EXERCISE AIM:
The lines to be extracted begin at the line containing "Các đoạn tin" and end at the last line of the data below; copy them exactly and leave out the pictures.

>>

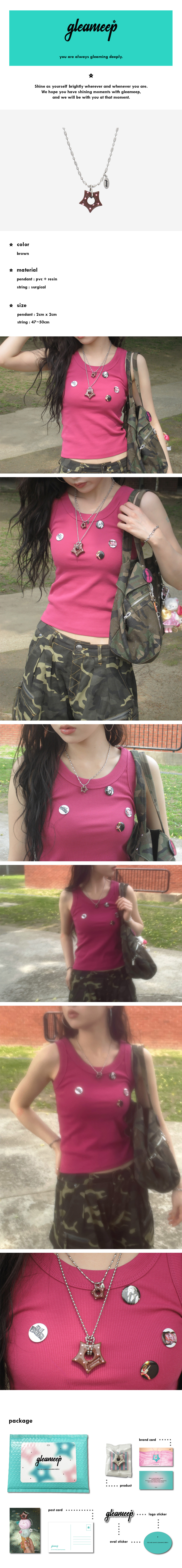 gleaming little star dot necklace는 [gleaming star dot necklace]의 미니 버전으로 도트 무늬와 글리밉의 시그니처 별 모양 그리고 옆쪽에 달린 로고 펜던트가 포인트인 제품입니다.
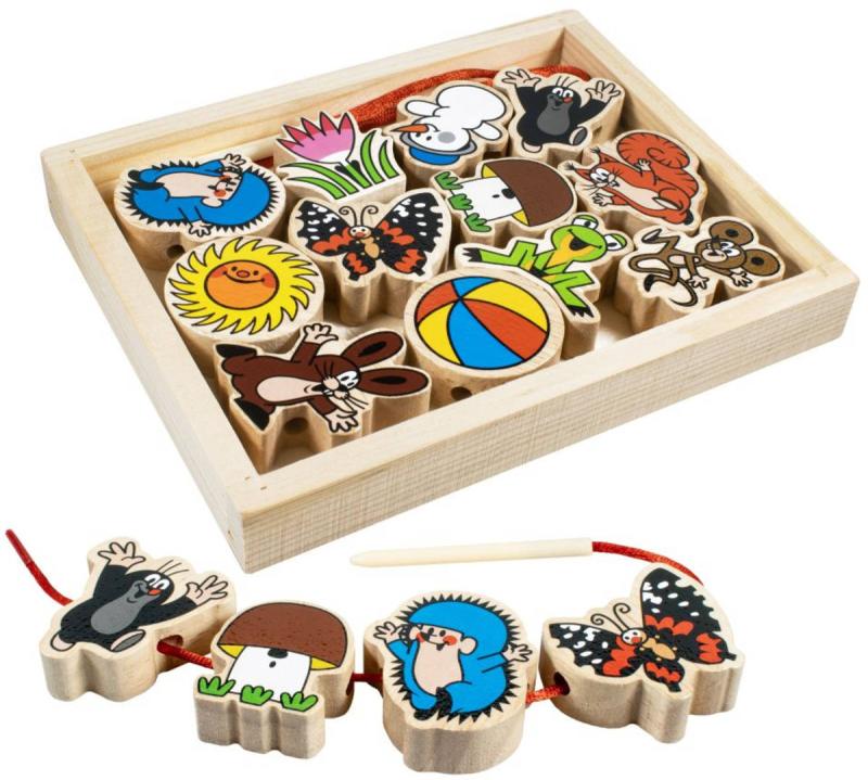 Dřevěná provlékačka Krteček pro nejmeněí děti. Součástí 12 navlékacích dílků a provázek s dřevěnou jehlou. Baleno v dřevěné krabici.
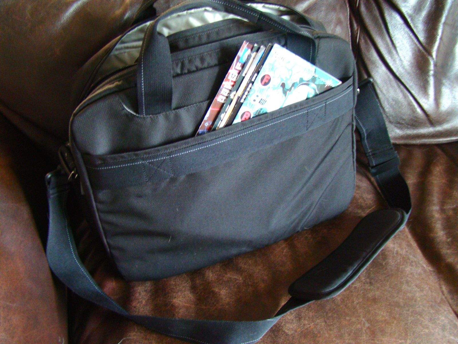 I stuffed as many things as I possibly could into this bag, and still have room for more. It’s perfect for the gaming conferences I go to, where I need to have room to put brochures and the little bits of swag the vendors give out, and still have everything I could possibly need (including a DSLR camera) for the show floor.
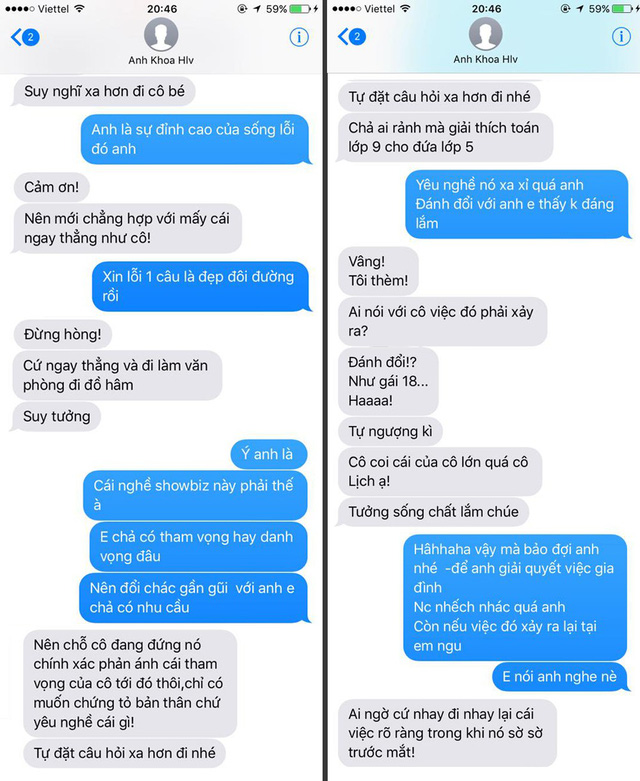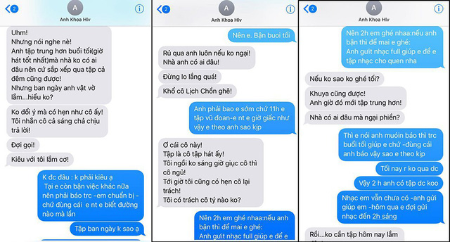 Các đoạn tin nhắn mà Phạm Lịch đưa ra thể hiện các nội dung mà cô đã "tố" Phạm Anh Khoa như gạ cô qua nhà tập đêm, gọi cô bằng biệt danh có nghĩa thô tục, có lời lẽ xúc phạm cô trong lần trò chuyện cuối cùng...
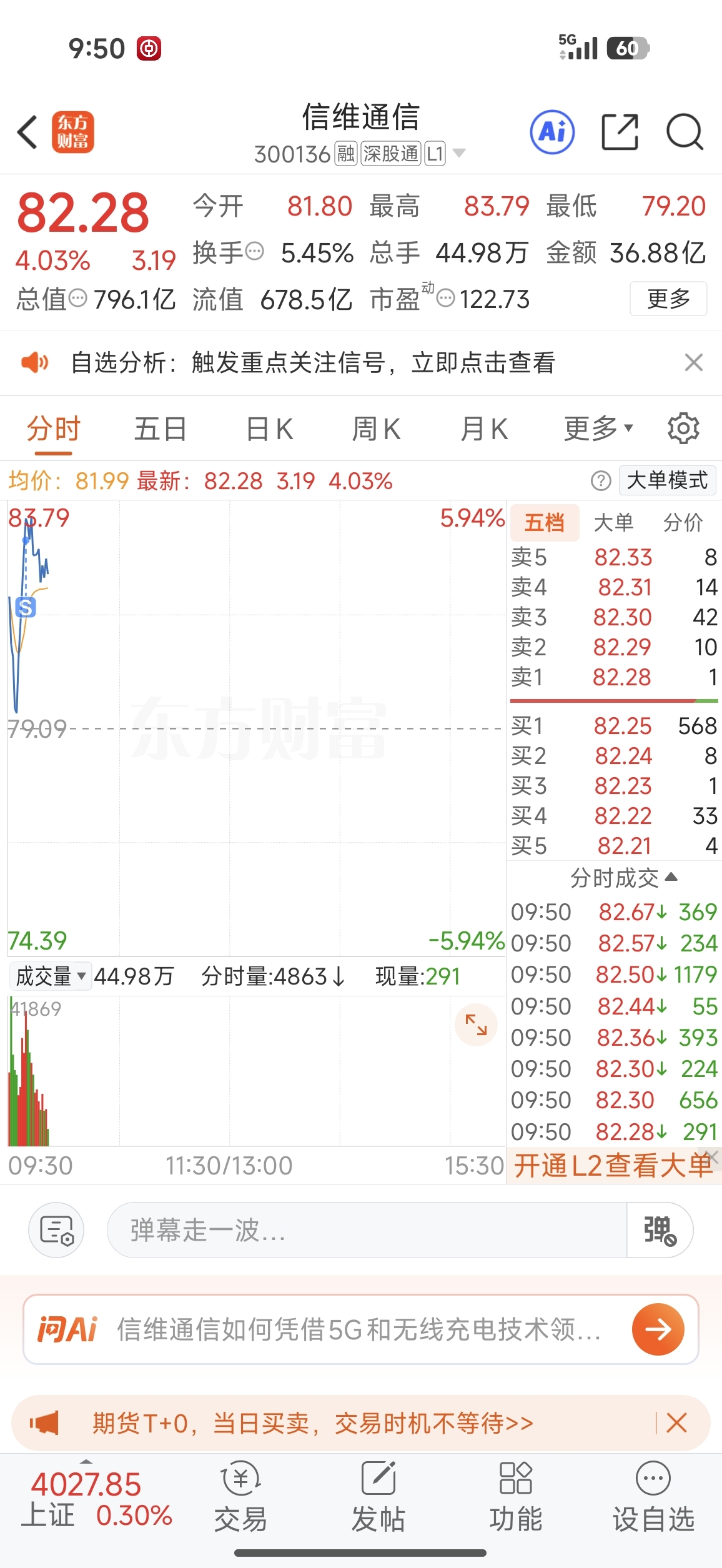 $信维通信(SZ300136)$ 今天学聪明点,冲高走了,尾盘再买回。
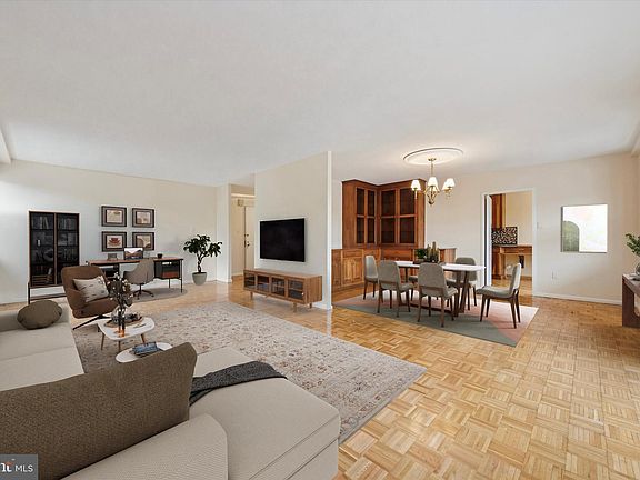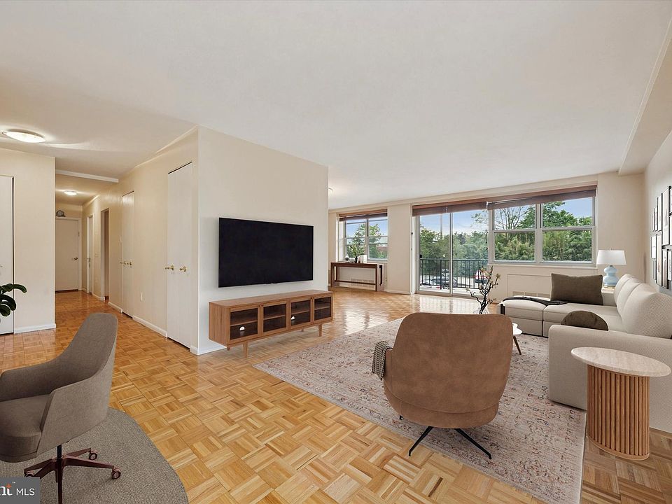 Very special home in the beautiful Trianon Co-op. Over 1700 sf of light and bright living space. Large great room opens to dining area. Galley kitchen with European-style cabinets and stone counters. Updated full hall bath for guests. Primary large bedroom with full bath. Closets galore. Parquet wood floors and new carpets. Large balcony perfect for morning coffee or an evening cocktail. The Trianon offers a luxurious lifestyle with its top-notch amenities like the front desk concierge, outdoor pool and cabanas, community room, and garage parking. Monthly fee covers so much...all utilities, all taxes, insurance, water, building maintenance, trash, basic cable, 24 hr security, on-site management. Pet friendly(restrictions apply). And that's just the beginning! Cash only purchase.
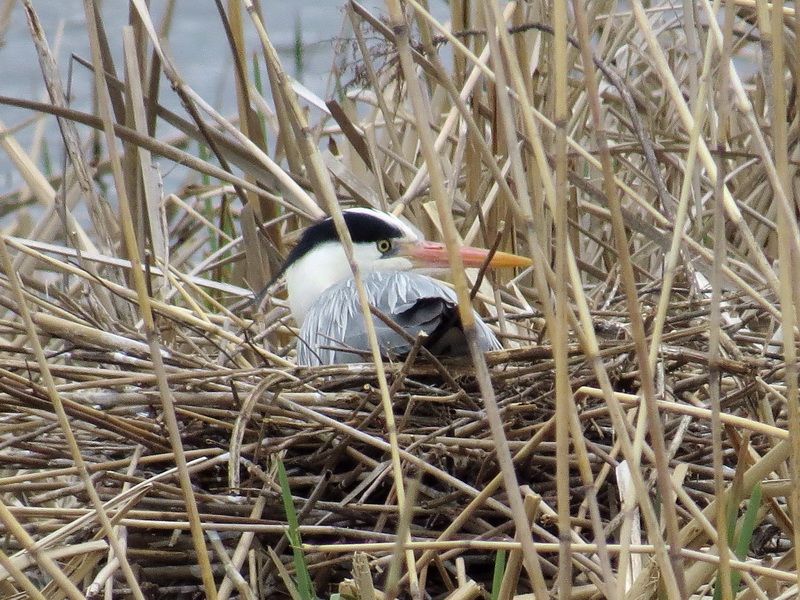 沼の葦原でアオサギが営巣し巣に座り込んで、産卵したのではと思われる光景を目撃
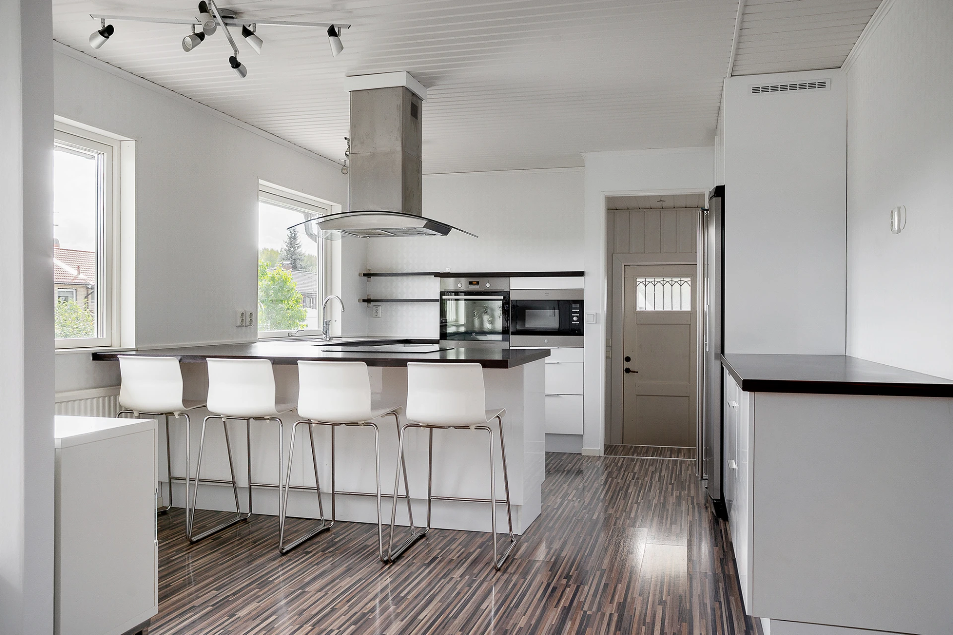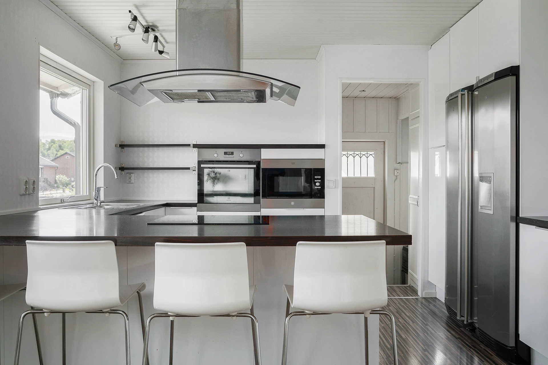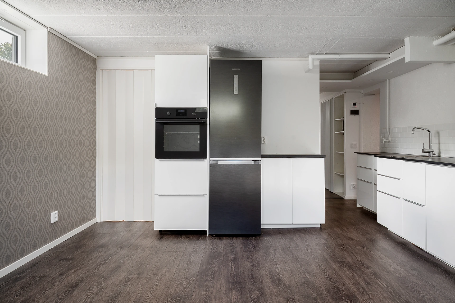 Praktiskt kök med modern inredning, spishäll, ugn, fläkt samt kyl/frys. Perfekt för tonårsbarn, gäster eller uthyrning.

<<

SOLUTION:
 Các đoạn tin nhắn mà Phạm Lịch đưa ra thể hiện các nội dung mà cô đã "tố" Phạm Anh Khoa như gạ cô qua nhà tập đêm, gọi cô bằng biệt danh có nghĩa thô tục, có lời lẽ xúc phạm cô trong lần trò chuyện cuối cùng...
 $信维通信(SZ300136)$ 今天学聪明点,冲高走了,尾盘再买回。
 Very special home in the beautiful Trianon Co-op. Over 1700 sf of light and bright living space. Large great room opens to dining area. Galley kitchen with European-style cabinets and stone counters. Updated full hall bath for guests. Primary large bedroom with full bath. Closets galore. Parquet wood floors and new carpets. Large balcony perfect for morning coffee or an evening cocktail. The Trianon offers a luxurious lifestyle with its top-notch amenities like the front desk concierge, outdoor pool and cabanas, community room, and garage parking. Monthly fee covers so much...all utilities, all taxes, insurance, water, building maintenance, trash, basic cable, 24 hr security, on-site management. Pet friendly(restrictions apply). And that's just the beginning! Cash only purchase.
 沼の葦原でアオサギが営巣し巣に座り込んで、産卵したのではと思われる光景を目撃
 Praktiskt kök med modern inredning, spishäll, ugn, fläkt samt kyl/frys. Perfekt för tonårsbarn, gäster eller uthyrning.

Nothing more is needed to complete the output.